Slicing and dicing the world, with maps

The marketing folks at Absolut must have been enjoying a few bottles of their own vodka when they decided the way to sell their product was with a map of the U.S. drawn at a time when much of the West belonged to the government south of the border. The "Absolut World" ad featuring a much larger Mexico and a reduced Estados Unidos could hardly have been more neatly calculated to dredge up Mexican resentments and jab at U.S. fears.

Absolut pulled the ad after post-1848 boundary aficionados in the U.S. threatened to go back to drinking bourbon. That's one crisis averted. But while the Swedish vodka maker's map may be an example of ill-advised marketing, artistic tinkering with longitude and latitude has long been used to express popular, and often unpopular, views on how the country could be better organized. Over the years, redrawn maps of the United States and of the world have reflected the ambitions, prejudices, politics and big ideas of the mapmakers.

An early effort at alternative cartography in American history came when the United States and Britain were haggling over the final disposition of the Oregon territory, and James K. Polk won the presidency with the slogan "Fifty-four-forty or fight," a reference to Polk's (possibly insincere) wish for the U.S. to take over the entire territory, up to the border of what was then Russian Alaska.
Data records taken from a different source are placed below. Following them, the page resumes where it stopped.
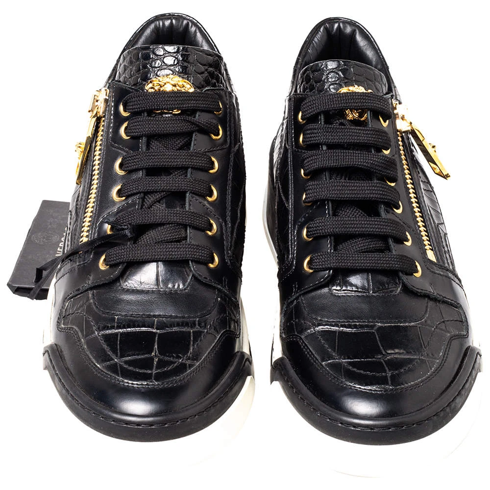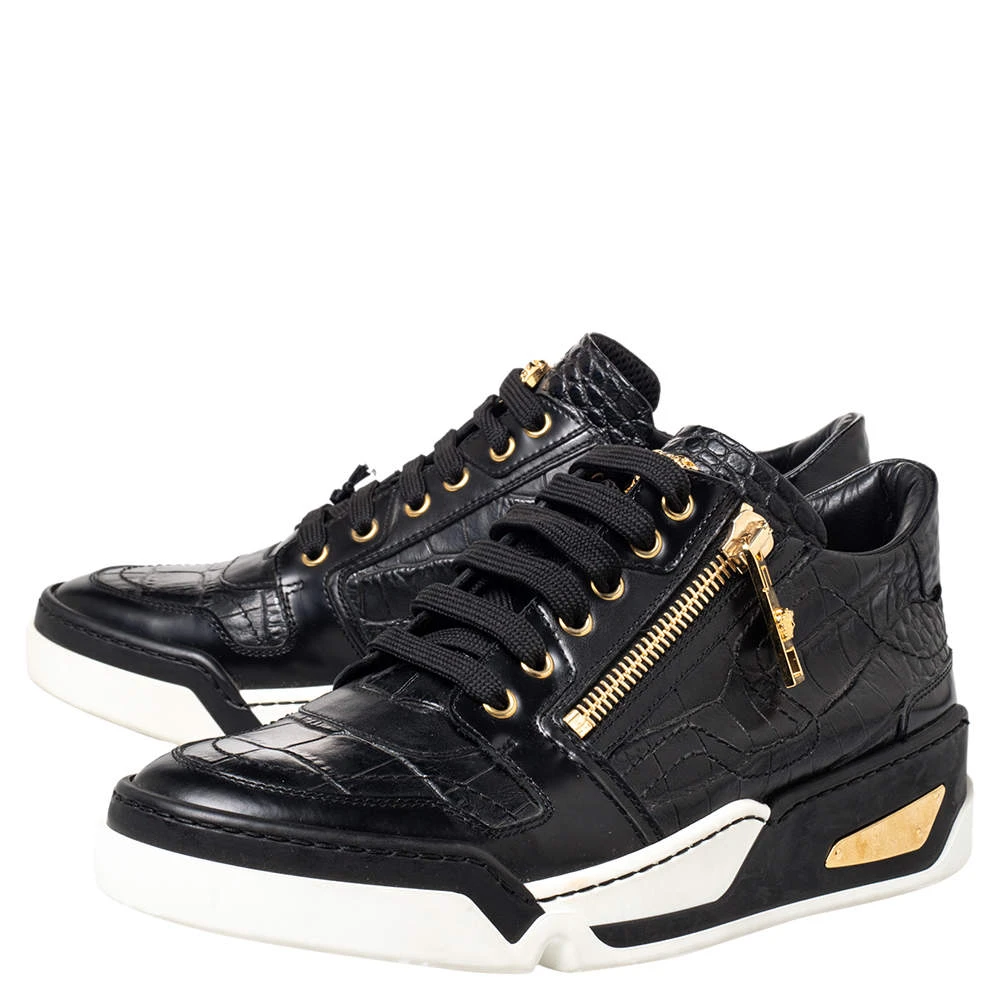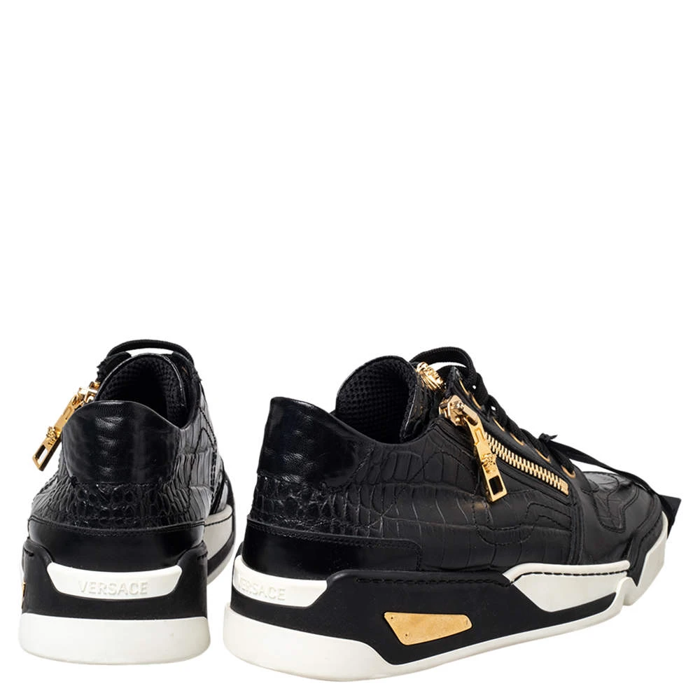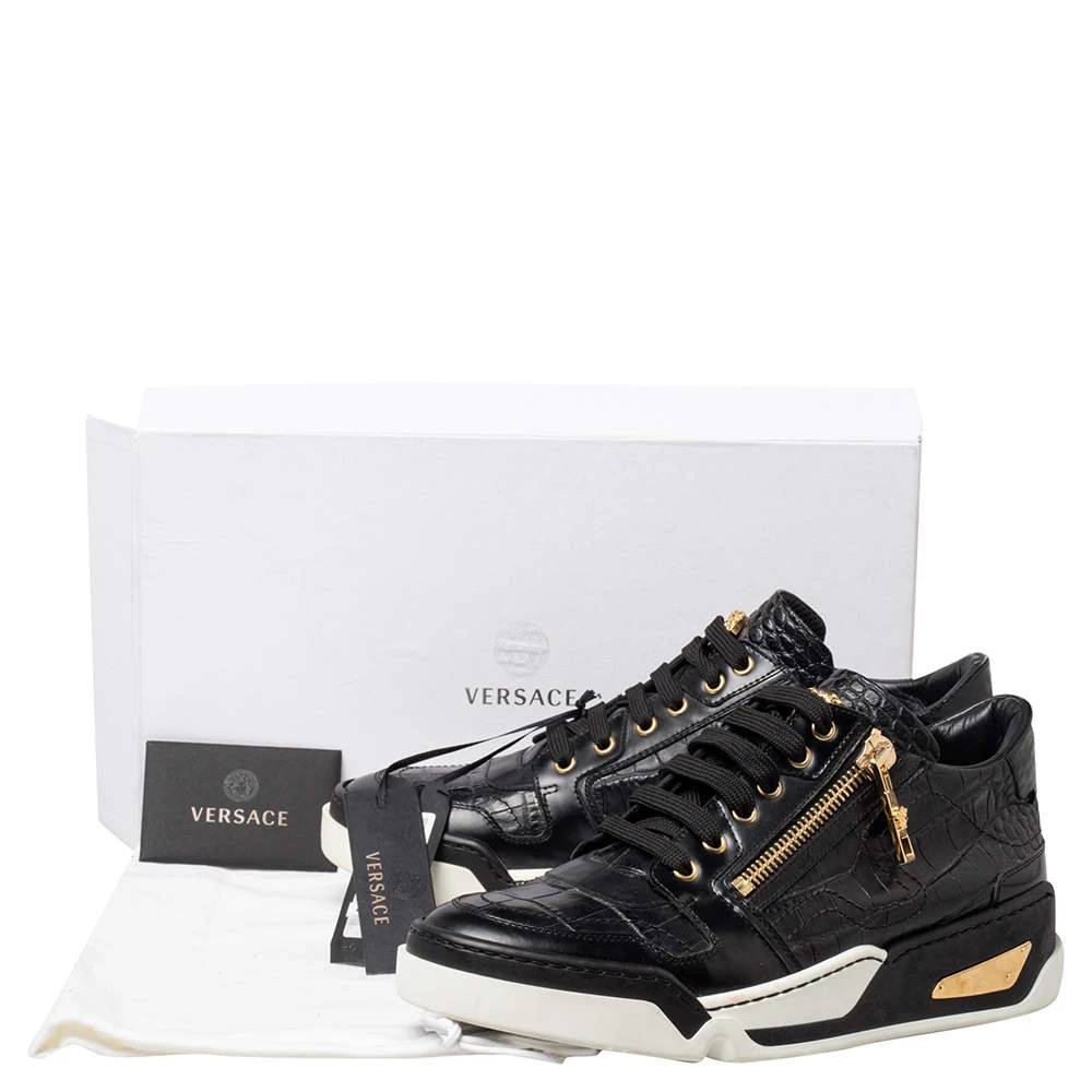 Versace Black Croc Embossed And Leather Low Top Sneakers Size 41 For Men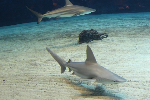 11:58 他のサメも 他のサメもいます。 水槽は別だけどね。 ジンベエザメにケガでもさせたら大変だからね。(笑) |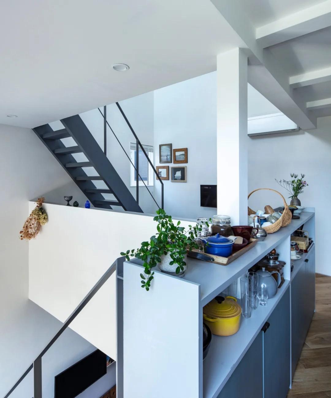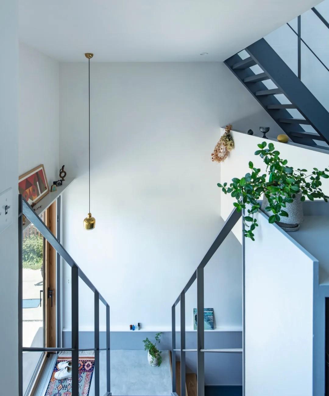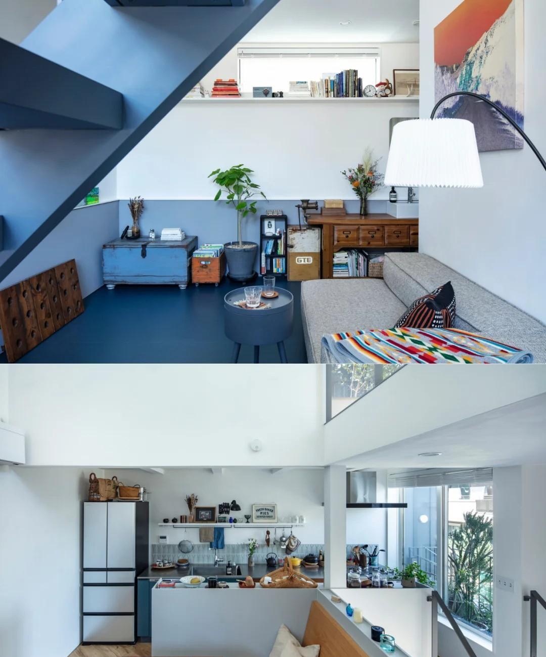 日本人真会玩,仅27㎡的极小宅,却住出豪宅感。 房子位于东京密集住宅区,屋主是一对90后夫妇,在狭小的空间里,建造一栋属于自己的温馨小家。 考虑到宅基地三面与邻居相连,为了室内采光,在建筑外观上,采用“纵向连贯”的设计手法,2楼和3楼都留出露台空间,这样既能抬头看天,又能低头有绿植相伴,太治愈了。 室内设计也很巧妙,1楼低于路面60公分,设置健身房和储物间,2楼则是客餐厨,3楼是卧室,通过钢制楼梯相连。 全屋采用现代简约风格,以海军蓝+白色为主基调,墙面和天花板使用石灰plaster漆,自动调节湿度,而客餐厅和卧室地面则铺设实木地板,温润、舒适还好打理。 你喜欢吗?

Though the Oregon boundary dispute ended without violence and Canada now stretches from sea to sea, the notion of dissolving what is now the line between Washington state and British Columbia has come up again, in drastically different contexts.

During secession and the Civil War, the map of the United States briefly did change, as the southern states formed the short-lived and never very united Confederate States of America. The CSA map has figured prominently, both directly and indirectly, in post-Civil War American politics, most recently in the post-2004 election web meme which sought to associate states that voted to re-elect President Bush with the former Confederacy. George B. Kirchner offers a version of the CSA map modestly dubbed "the Historic First Definitive Map of the Confederate States of America."

Liberal suspicions about the values of the so-called Red States have made for some pretty creative maps in recent years. The popular Jesusland map credited to G. Webb, a commenter at, depicts a Canadamerican rump state which combines the purportedly more progressive states and provinces, leaving a kind of bible-belt-and-suspenders through the heartland of both countries. The Jesusland map has spawned a small culture of alt-cartography and parody.

Ultimately, however, no work of parody could be as surreally fascinating as the "purple America" maps that display the actual 2000 and 2004 presidential election results on a county-by-county basis. Depending on your point of view, these maps depict a hopelessly divided or an intriguingly mixed up nation.

Just as often, alternative maps have expressed regional pride or just in-your-face-ness. Nearly 40 years before The New Yorker magazine's celebrated 1976 Manhattan-über-alles cover, New Yorker Daniel K. Wallingford put the "Big" in the Big Apple with this chart of Gotham chauvinism. And since nothing is bigger than Texas, Mark Storm did the same thing for Lone Star State a few years later.

Not all fictional maps have expressed territorial ambition or regional pride, however. In 1981 Joel Garreau laid out his thesis of "The Nine Nations of North America" in a book by that title. In Garreau's bold vision, regions of the continent would in the future sort themselves into had sorted themselves into more coherent regional arrangements based on common interest (so that, for example, Vancouverites and San Franciscans might find they had more in common with each other than either had with, respectively, Ottawans or Washingtonians)*. If the Nine Nations map was good to the regions, it was hell on existing governments: Only Quebec survives more or less intact. (Tellingly, Los Angeles becomes part of "Mexamerica" in Garreau's plan.)

And then some maps tell us the mapmakers' ideas about not just the U.S. or North America but the world, often with a personal twist. Seeking to sum up the progress made in his presidency, Dwight D. Eisenhower endpapered his memoir Waging Peace with world maps showing his own travels and the U.S. ring of alliances. The maps are not invented, but they offer wonderful insights into Ike's views of his own part in history and of the geopolitics of the 1950s.

Finally, some mapmakers take the broadest view possible. If, for example, your travels take you out of the plane of the ecliptic and you need to make an indirect return to planet Earth, you may find the common view of North as up and South as down just too parochial for practice. Back when the United States was being founded and the British surrendered at Yorktown, the Redcoats' band played a march called "The World's Turned Upside Down." Or maybe they didn't. In any event, there's a map to cover either of these situations.